Your brain loves closure. “Done” is a reward. Stack enough and your week feels different.
Three fresh examples of why the ‘plate’ technique works?
1) The “30-Minute Book”
A friend wanted to start a book but kept tinkering with the perfect outline. We made a deal: 30 minutes a day, one scene card. In two weeks, she had 14 cards and a voice she trusted.
2) The “Podcast in Pieces”
Another creator I know never shipped episodes because editing felt endless. He changed the plate: Day 1—intro and outro only. Day 2—choose three clips. Day 3—publish, even if the middle was rough. Listeners didn’t care about the roughness; they cared that the episodes came out.
3) The “Quiet Declutter”
A neighbor cleared a chaotic garage with a five-item rule: five things a day—trash, donate, or keep. Six weeks later, he parked a car in there for the first time in years.
How to try it tomorrow morning:
Name one outcome that would make the day honest.
Example: “Record the first 90 seconds,” “Clean the top shelf,” “Send the pitch email.”
Make the first step tiny and visible.
Open the script and write two sentences.
Put a donation box by the door.
Paste the email subject line into your draft.

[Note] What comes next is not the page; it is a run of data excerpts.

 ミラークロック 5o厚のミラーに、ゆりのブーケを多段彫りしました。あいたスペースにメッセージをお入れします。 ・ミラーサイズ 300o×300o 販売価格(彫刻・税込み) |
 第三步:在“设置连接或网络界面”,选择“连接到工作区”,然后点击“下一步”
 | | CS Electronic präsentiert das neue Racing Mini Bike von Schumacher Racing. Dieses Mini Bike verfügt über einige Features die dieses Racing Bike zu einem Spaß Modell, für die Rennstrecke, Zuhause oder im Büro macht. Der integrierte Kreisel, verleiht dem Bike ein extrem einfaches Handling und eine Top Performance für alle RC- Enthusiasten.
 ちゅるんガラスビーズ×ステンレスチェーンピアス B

Protect 25 minutes like a dentist appointment. Door closed. Phone away. Timer on.
Stop when you said you would. Log the win. If you have energy left, great—take a bonus bite. But the day is already a success.
Mantra: One plate a day keeps heroic fantasies—and burnout—away.

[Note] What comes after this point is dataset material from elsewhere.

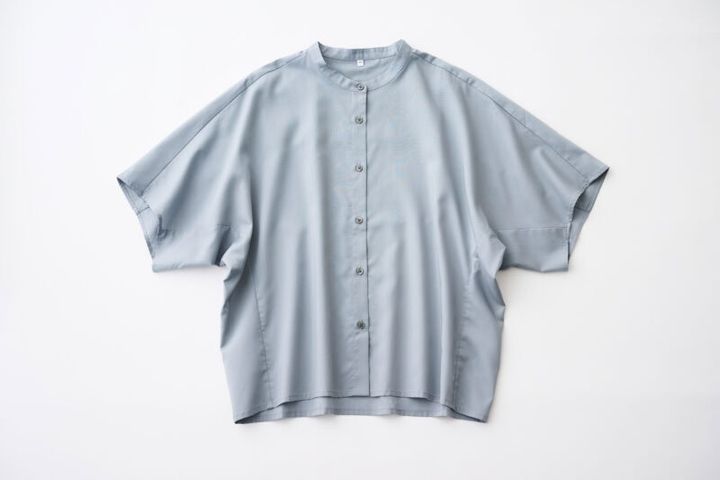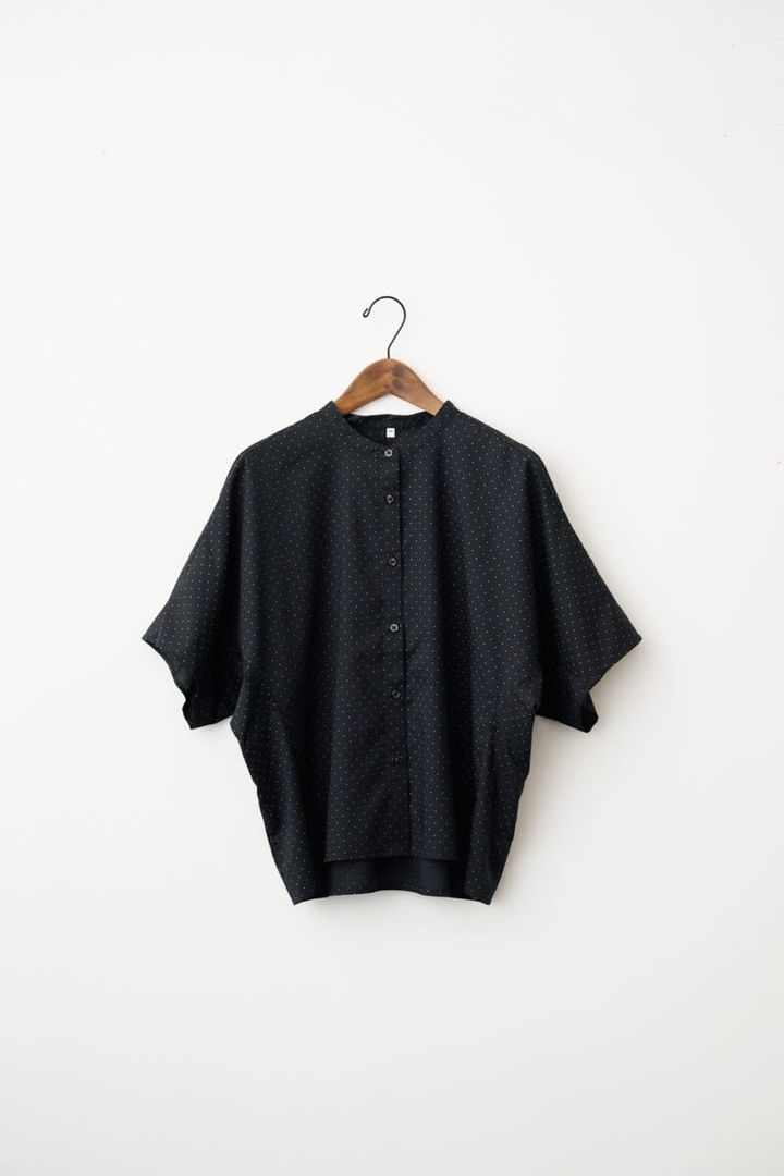 ゆったりとしたドルマンスリーブのバンドカラーシャツ。カラーは、黒ドット柄のほか、黒、スモーキーブルー、オフホワイトの全4色。サイズは、XS~XXLの6サイズ展開。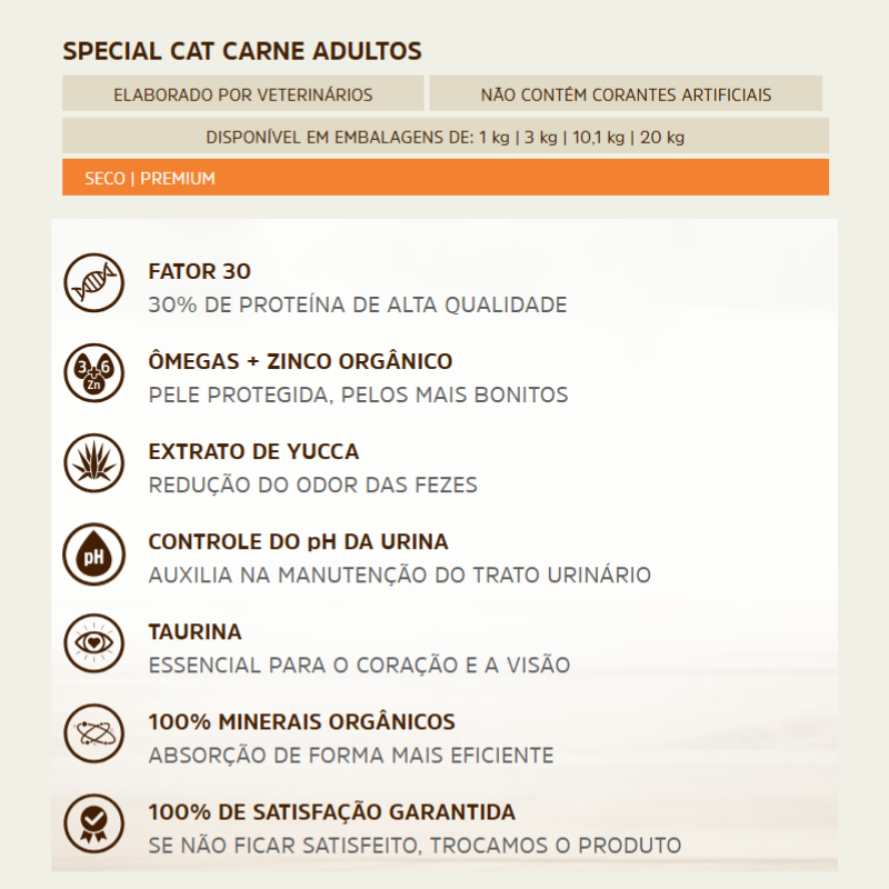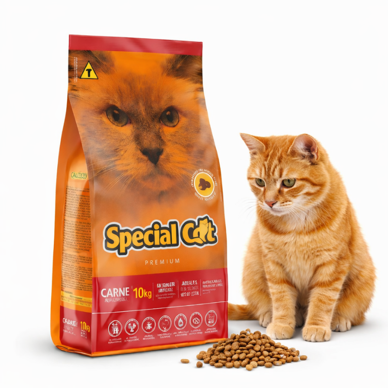 A Ração Special Cat Premium para Gatos Adultos Sabor Carne – 10,1 kg é “A Clássica dos Felinos” — ração Premium da Special Cat formulada para gatos adultos, com 30% de proteína bruta e sabor Carne. Os felinos são carnívoros obrigatórios — precisam de ração com alta proteína animal, taurina e arginina que a dieta natural (presas) fornece e que a ração premium reproduz com precisão.

Checkout this Note-Taking Framework I created for every Substack Writer (steal it today)
Want the deeper system, templates, and use cases?
Below is the paid section with my complete framework, printable planner, and five step-by-step scenarios (writing, health, decluttering, client work, and learning).
This is the structure I use with clients and in my work. It turns a scary project into daily, finishable tasks.
What’s inside the Paid Section:
The PLATE Framework (1-page explainer)
The Daily PLATE Planner, you can copy and paste
Explanation of the PLATE Planner template
A filled example using the template (easy to understand)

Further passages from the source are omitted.